• **WHAT THE TASK REQUIRES**
The pictures stay out; all of the data is to be printed exactly.

• **INFORMATION SHOWN**
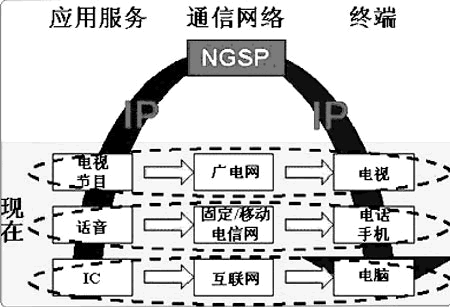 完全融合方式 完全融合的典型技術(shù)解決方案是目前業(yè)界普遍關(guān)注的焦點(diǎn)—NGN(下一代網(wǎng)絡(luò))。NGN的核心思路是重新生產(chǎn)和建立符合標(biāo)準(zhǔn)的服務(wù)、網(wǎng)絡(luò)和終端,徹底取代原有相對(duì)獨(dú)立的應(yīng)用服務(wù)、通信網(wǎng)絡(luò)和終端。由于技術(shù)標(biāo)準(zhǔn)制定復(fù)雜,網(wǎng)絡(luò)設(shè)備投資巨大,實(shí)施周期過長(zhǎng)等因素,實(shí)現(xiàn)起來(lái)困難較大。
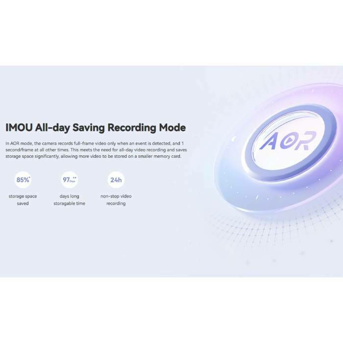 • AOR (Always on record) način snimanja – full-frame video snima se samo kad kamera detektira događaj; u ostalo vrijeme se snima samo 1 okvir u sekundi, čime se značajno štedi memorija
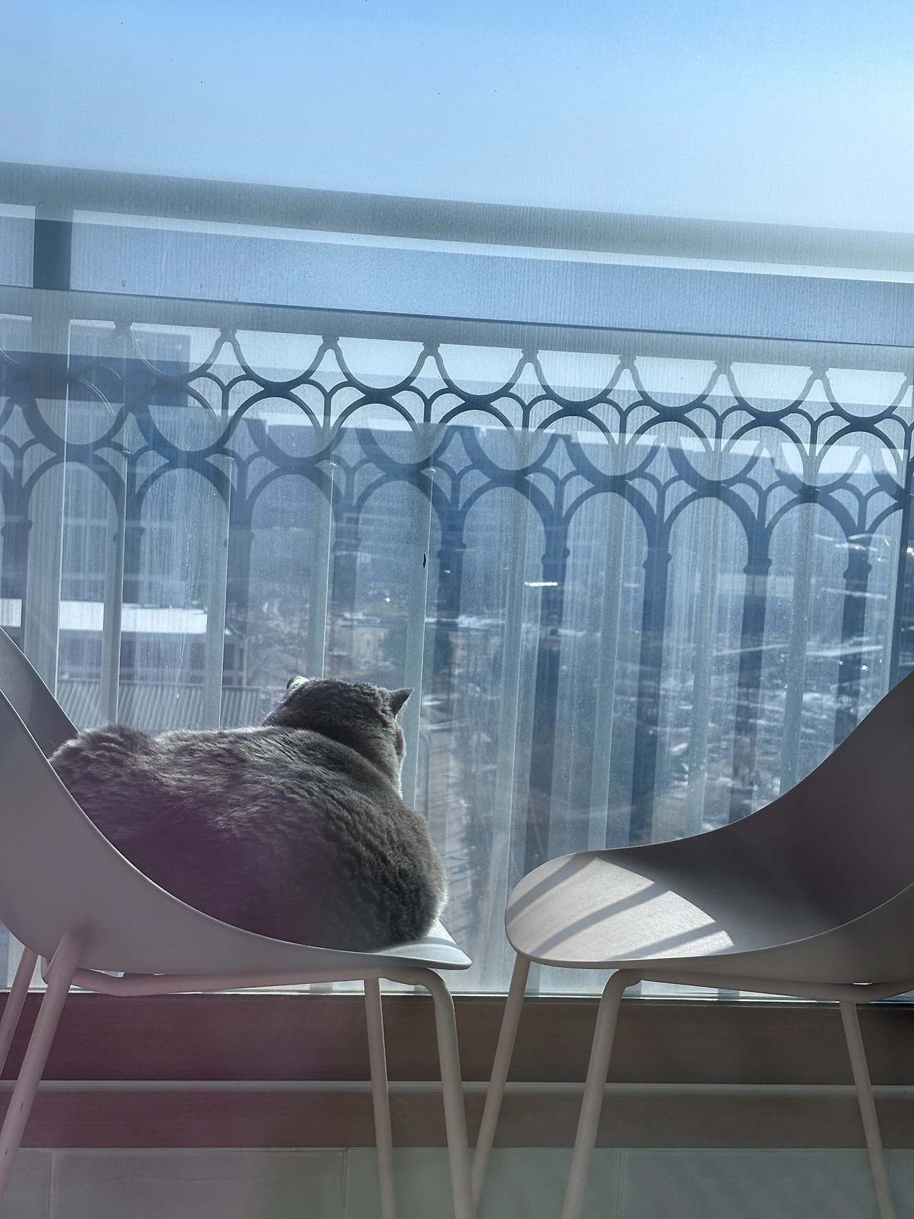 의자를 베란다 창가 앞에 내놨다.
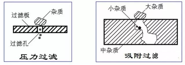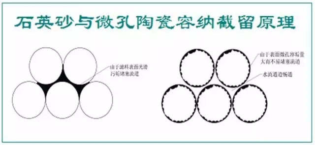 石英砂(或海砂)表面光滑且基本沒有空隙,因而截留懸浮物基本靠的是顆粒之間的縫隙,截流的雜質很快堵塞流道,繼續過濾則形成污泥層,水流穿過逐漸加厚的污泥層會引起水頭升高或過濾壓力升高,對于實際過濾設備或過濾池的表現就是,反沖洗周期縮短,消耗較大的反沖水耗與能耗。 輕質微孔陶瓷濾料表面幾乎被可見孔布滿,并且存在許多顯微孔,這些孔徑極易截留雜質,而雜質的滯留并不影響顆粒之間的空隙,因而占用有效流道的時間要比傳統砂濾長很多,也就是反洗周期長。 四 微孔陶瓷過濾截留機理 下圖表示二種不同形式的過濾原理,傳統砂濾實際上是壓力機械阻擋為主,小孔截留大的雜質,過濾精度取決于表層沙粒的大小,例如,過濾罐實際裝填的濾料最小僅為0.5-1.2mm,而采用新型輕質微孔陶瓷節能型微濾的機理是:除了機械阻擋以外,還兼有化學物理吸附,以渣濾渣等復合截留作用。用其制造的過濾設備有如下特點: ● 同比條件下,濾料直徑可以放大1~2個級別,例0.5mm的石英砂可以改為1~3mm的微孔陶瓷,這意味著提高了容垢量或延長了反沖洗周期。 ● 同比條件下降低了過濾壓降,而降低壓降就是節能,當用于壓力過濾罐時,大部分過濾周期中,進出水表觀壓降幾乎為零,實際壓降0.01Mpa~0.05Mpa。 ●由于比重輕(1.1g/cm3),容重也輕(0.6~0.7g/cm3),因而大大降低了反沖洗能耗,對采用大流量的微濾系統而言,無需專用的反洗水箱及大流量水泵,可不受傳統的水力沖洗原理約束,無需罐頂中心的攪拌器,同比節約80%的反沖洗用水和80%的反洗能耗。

• **EXERCISE ANSWER**
 完全融合方式 完全融合的典型技術(shù)解決方案是目前業(yè)界普遍關(guān)注的焦點(diǎn)—NGN(下一代網(wǎng)絡(luò))。NGN的核心思路是重新生產(chǎn)和建立符合標(biāo)準(zhǔn)的服務(wù)、網(wǎng)絡(luò)和終端,徹底取代原有相對(duì)獨(dú)立的應(yīng)用服務(wù)、通信網(wǎng)絡(luò)和終端。由于技術(shù)標(biāo)準(zhǔn)制定復(fù)雜,網(wǎng)絡(luò)設(shè)備投資巨大,實(shí)施周期過長(zhǎng)等因素,實(shí)現(xiàn)起來(lái)困難較大。
 • AOR (Always on record) način snimanja – full-frame video snima se samo kad kamera detektira događaj; u ostalo vrijeme se snima samo 1 okvir u sekundi, čime se značajno štedi memorija
 의자를 베란다 창가 앞에 내놨다.
 石英砂(或海砂)表面光滑且基本沒有空隙,因而截留懸浮物基本靠的是顆粒之間的縫隙,截流的雜質很快堵塞流道,繼續過濾則形成污泥層,水流穿過逐漸加厚的污泥層會引起水頭升高或過濾壓力升高,對于實際過濾設備或過濾池的表現就是,反沖洗周期縮短,消耗較大的反沖水耗與能耗。 輕質微孔陶瓷濾料表面幾乎被可見孔布滿,并且存在許多顯微孔,這些孔徑極易截留雜質,而雜質的滯留并不影響顆粒之間的空隙,因而占用有效流道的時間要比傳統砂濾長很多,也就是反洗周期長。 四 微孔陶瓷過濾截留機理 下圖表示二種不同形式的過濾原理,傳統砂濾實際上是壓力機械阻擋為主,小孔截留大的雜質,過濾精度取決于表層沙粒的大小,例如,過濾罐實際裝填的濾料最小僅為0.5-1.2mm,而采用新型輕質微孔陶瓷節能型微濾的機理是:除了機械阻擋以外,還兼有化學物理吸附,以渣濾渣等復合截留作用。用其制造的過濾設備有如下特點: ● 同比條件下,濾料直徑可以放大1~2個級別,例0.5mm的石英砂可以改為1~3mm的微孔陶瓷,這意味著提高了容垢量或延長了反沖洗周期。 ● 同比條件下降低了過濾壓降,而降低壓降就是節能,當用于壓力過濾罐時,大部分過濾周期中,進出水表觀壓降幾乎為零,實際壓降0.01Mpa~0.05Mpa。 ●由于比重輕(1.1g/cm3),容重也輕(0.6~0.7g/cm3),因而大大降低了反沖洗能耗,對采用大流量的微濾系統而言,無需專用的反洗水箱及大流量水泵,可不受傳統的水力沖洗原理約束,無需罐頂中心的攪拌器,同比節約80%的反沖洗用水和80%的反洗能耗。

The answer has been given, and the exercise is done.